El escritor uruguayo Omar Prego Gadea, colaborador del semanario Marcha y autor de varias novelas y relatos breves, trabó amistad con Cortázar en 1974, cuando aquel se encontraba en París exiliado tras el golpe de Estado dado en 1972 por Juan María Bordaberry y en 1982, Julio Cortázar pierde a su última compañera sentimental, Carol Dunlop.

Fue en esta final, que Prego Gadea propuso a Cortázar escribir juntos una obra, aunque éste aceptó a condición de que fuese ‘un libro muy loco’. El resultado fue un volumen de textos sin temas prescriptos ni vedados, aunque la muerte de Cortázar dos años más tarde interrumpiría sin remedio lo que sería La fascinación de las palabras. En uno de sus pasajes, Cortázar escribió: “La Revolución cubana me mostró de una manera cruel y que me dolió mucho, el gran vacío político que había en mí, mi inutilidad política (…) los temas políticos se fueron metiendo en mi literatura”.

De esa epifanía cubana que iluminó a Cortázar –luminosa salida de una Matrix necia y obnubilada– surgirían las obras más comprometidas del autor: El libro de Manuel, novela de 1974, o la recopilación de artículos Nicaragua, tan violentamente dulce, entre otros.

Ya convertido en un revolucionario, Cortázar apoyó activamente la Revolución Cubana. Relación que no fue siempre lineal y que tuvo sus altibajos debido a discrepancias coyunturales, pero nunca filosóficas. Luego vino la Revolución Sandinista a partir de 1979 y allí estuvo el escritor dando su presencia y su apoyo. Viajó a Nicaragua en varias oportunidades, significando un sostén cultural importante para el nuevo gobierno libre que había podido poner fin a cuatro décadas de dictadura somocista. Debido a su militancia, ya había sido convocado junto a otras personalidades por el Tribunal Russell, también conocido con el nombre de Tribunal Internacional sobre Crímenes de Guerra o Tribunal Russell-Sartre, instituido en 1966 y que se encargó de investigar y evaluar la política exterior estadounidense y las atrocidades de guerra perpetradas en Vietnam por sus tropas. Durante la dictadura argentina (1976-1983) llegó a donar muchos de sus derechos de autor para ayudar a las víctimas del terrorismo de Estado y presos políticos.

Fue así, convertido en un hombre nuevo y despojado de todo colonialismo interior, que Julio Cortázar salió al mundo para decir sus verdades y escuchar las realidades siempre calladas por los sistemas vigentes. Se convirtió, en definitiva, en un militante por otra América posible. 
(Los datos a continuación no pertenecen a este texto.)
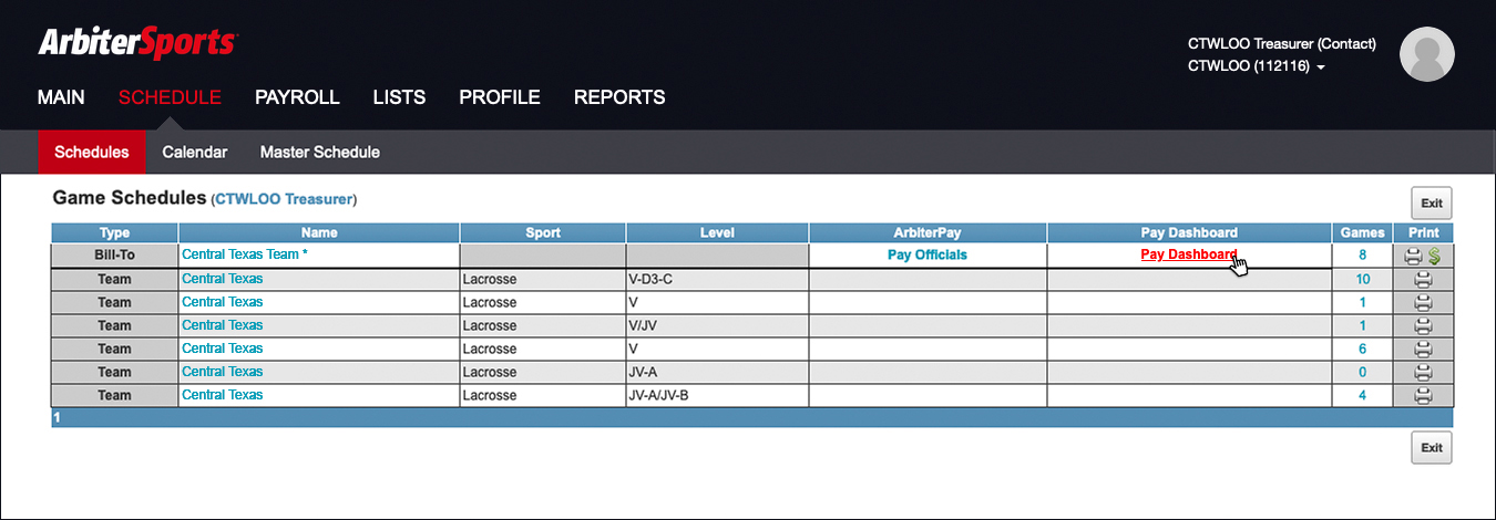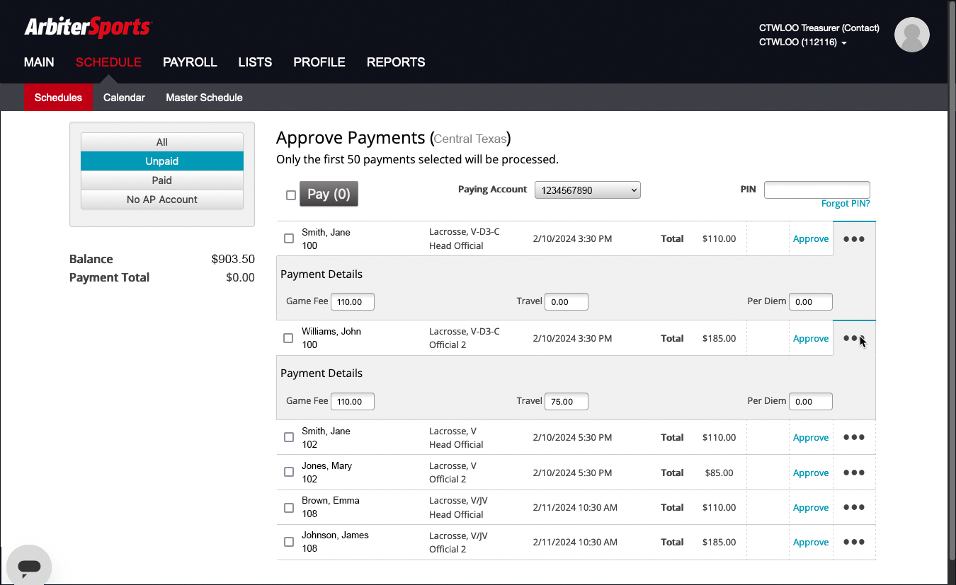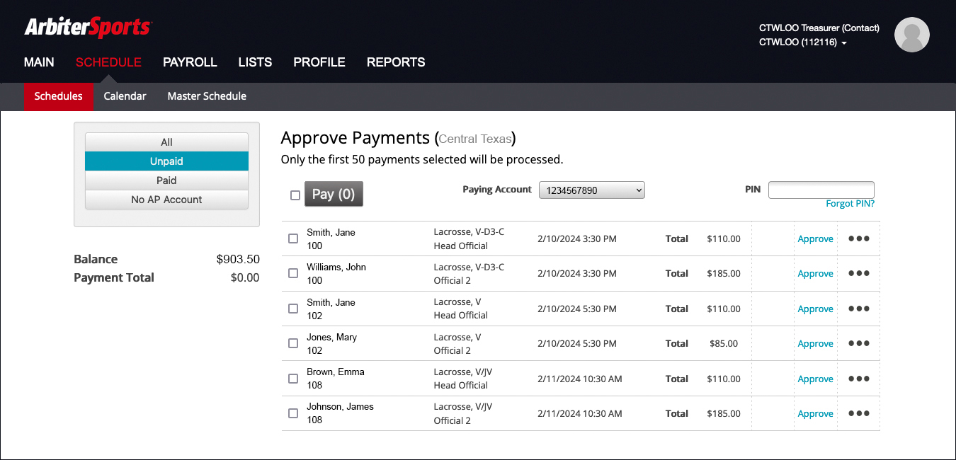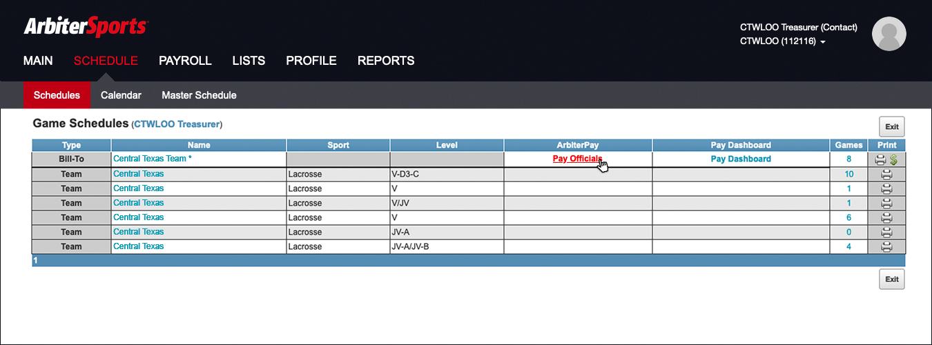 If you have an ArbiterSports account with access to CTWLOO and your team's schedule but do not see the option to "Pay Officials," email Treasurer Rachel Gozhansky at treasurer@ctwloo.org and Assigner Johanna Owens at assigner@ctwloo.org to let them know you should have the ability to see and manage payments to officials.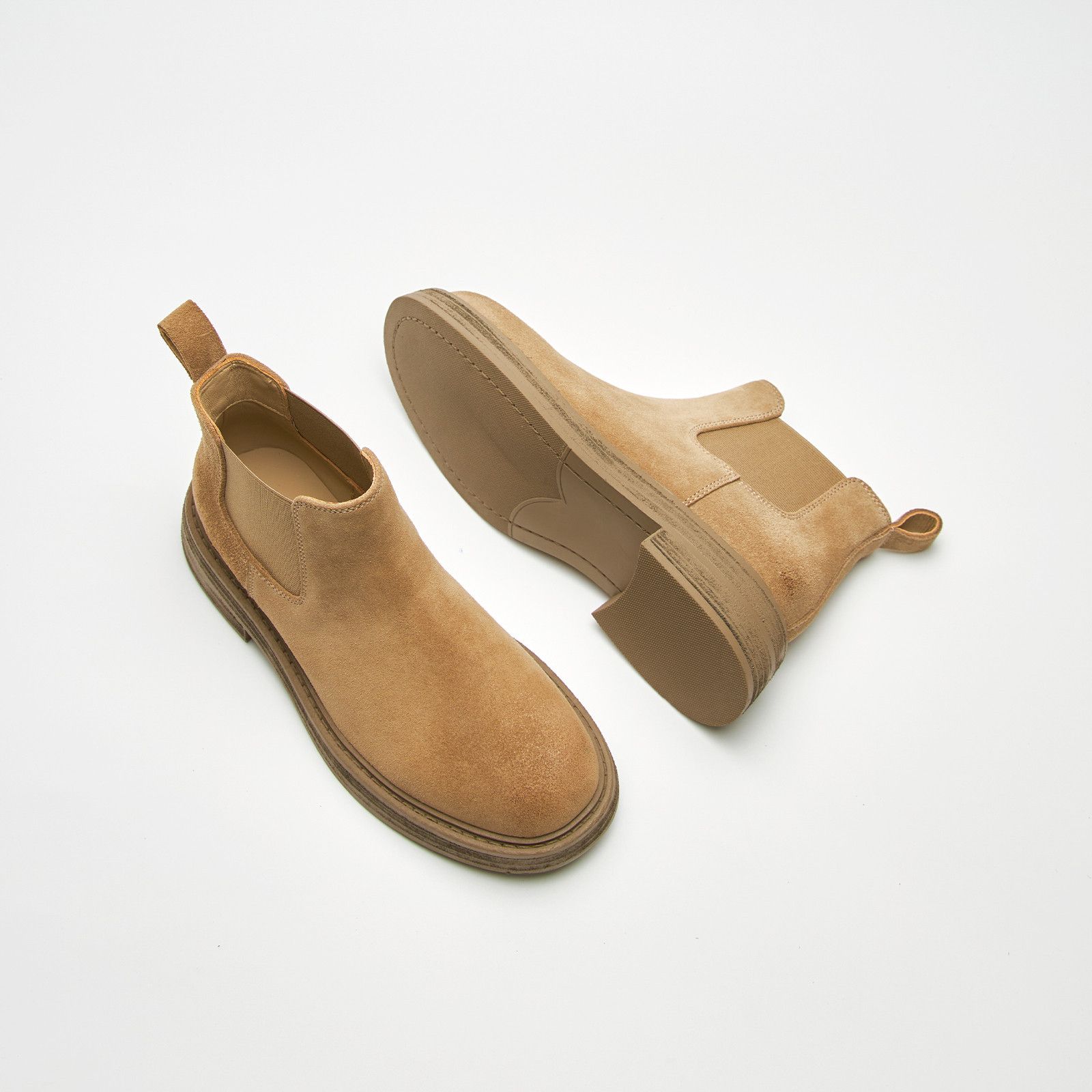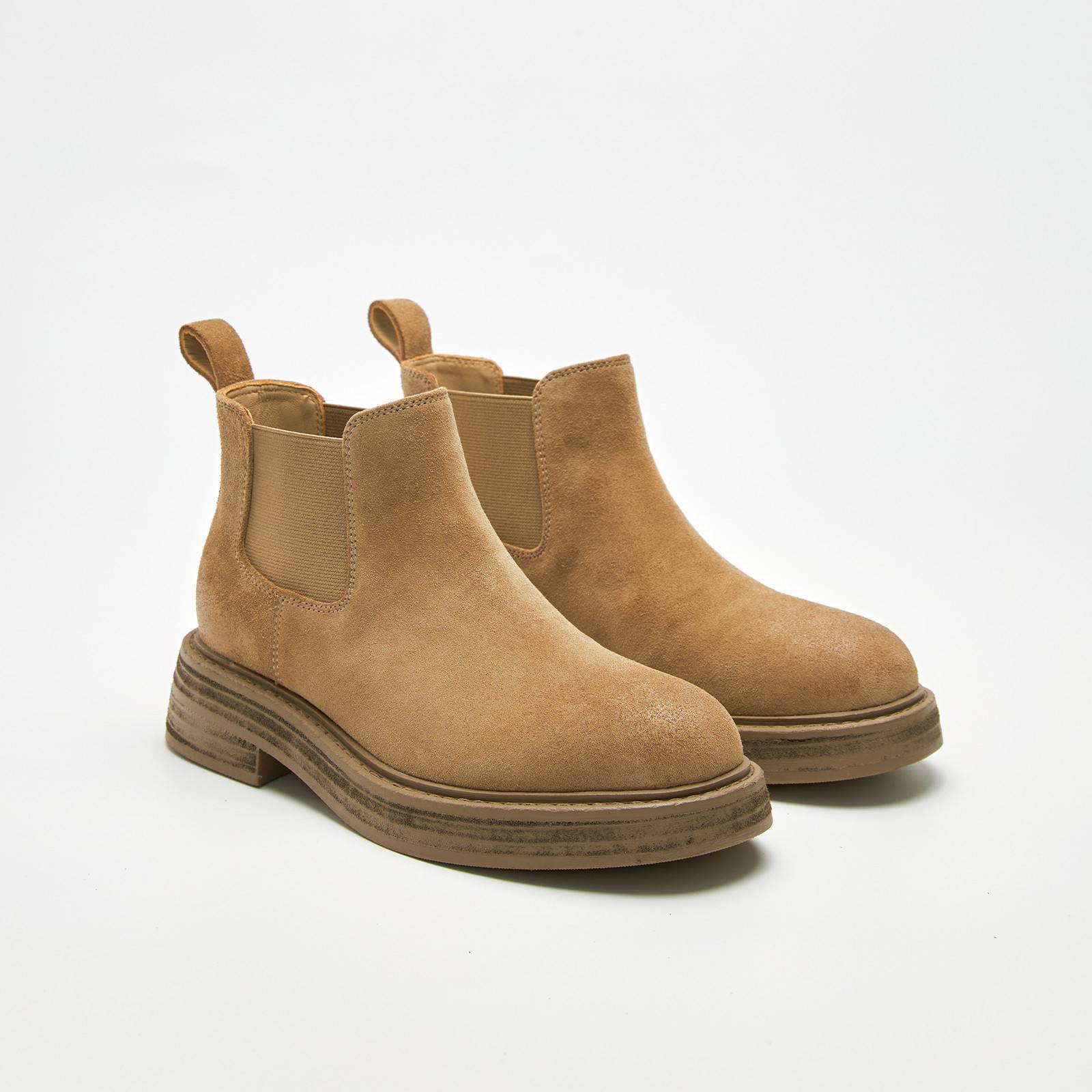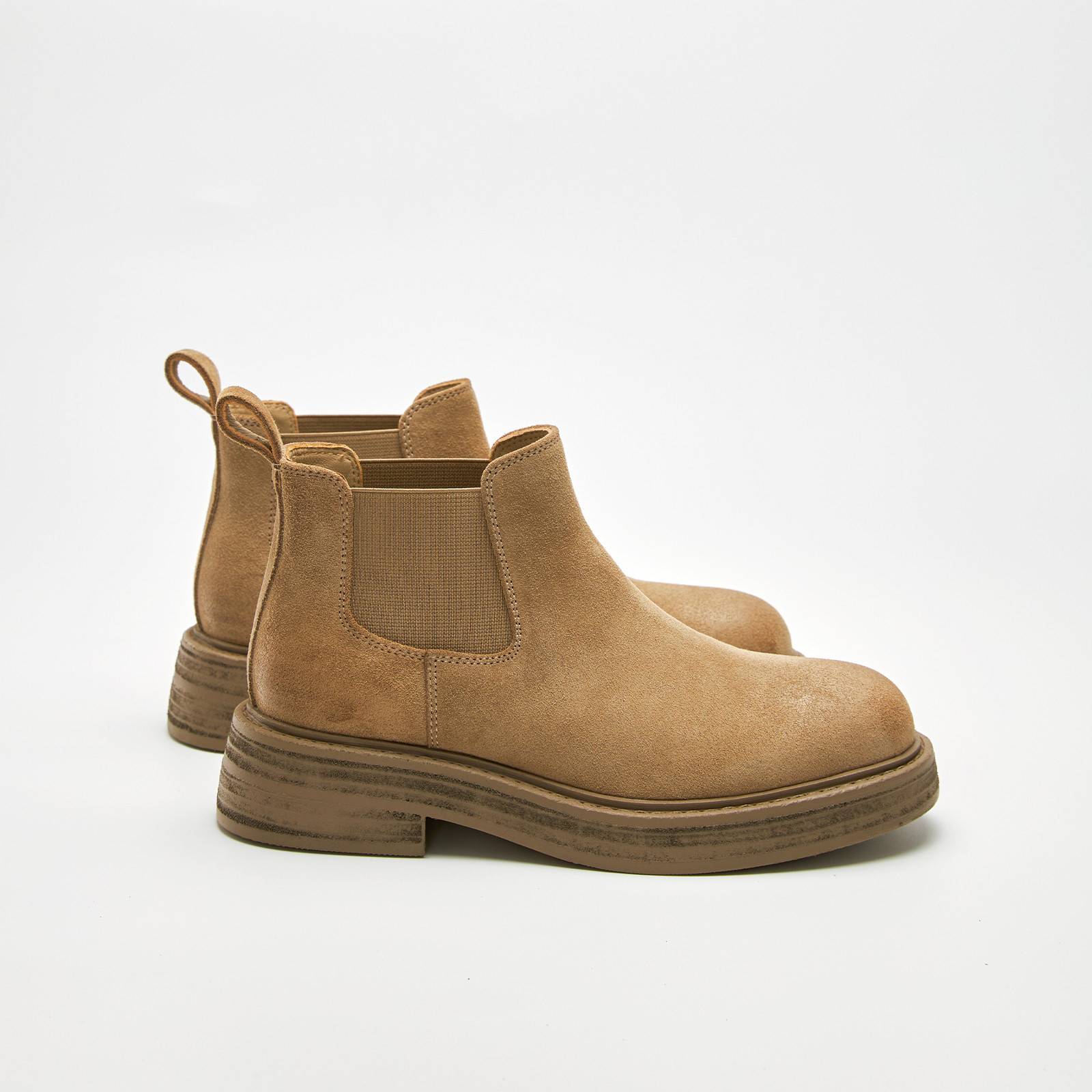 長褲完美搭-麂皮短筒切爾西靴-卡其色

El valor intrínseco de Julio Cortázar, más allá de su prosa, de su originalidad literaria y su magistral técnica en el relato breve, reside en que supo escuchar en la medianía de su vida a sus voces internas. Tuvo la humildad de ampliar la mirada más allá de los muros cotidianos que imponen los discursos dominantes. Intuyó que había una realidad oculta allende el pensamiento burgués de donde surgió.  Decidió entonces saltar el cerco, cruzar la valla que imponían los medios, los prejuicios y los moldes culturales exógenos aceptados como válidos. Cortázar trabajó para dejar sus viejas ropas filosóficas y asumir una nueva identidad, siempre ligada a lo genuino y a lo que su inteligencia, viajes y reflexiones le señalaban como mejor. En este sentido, el autor de Rayuela fue un hombre inmensamente valiente que se animó a asumir una lucha y una forma de amor por América Latina, que lo cambiaba todo, al menos en su universo personal. Asumió su inquietud, su Síndrome Cortaziano, ese que lo transformó y que como un germen bienhechor puede contagiarnos a todos, sin importar lo que hayamos pensado o vivido antes.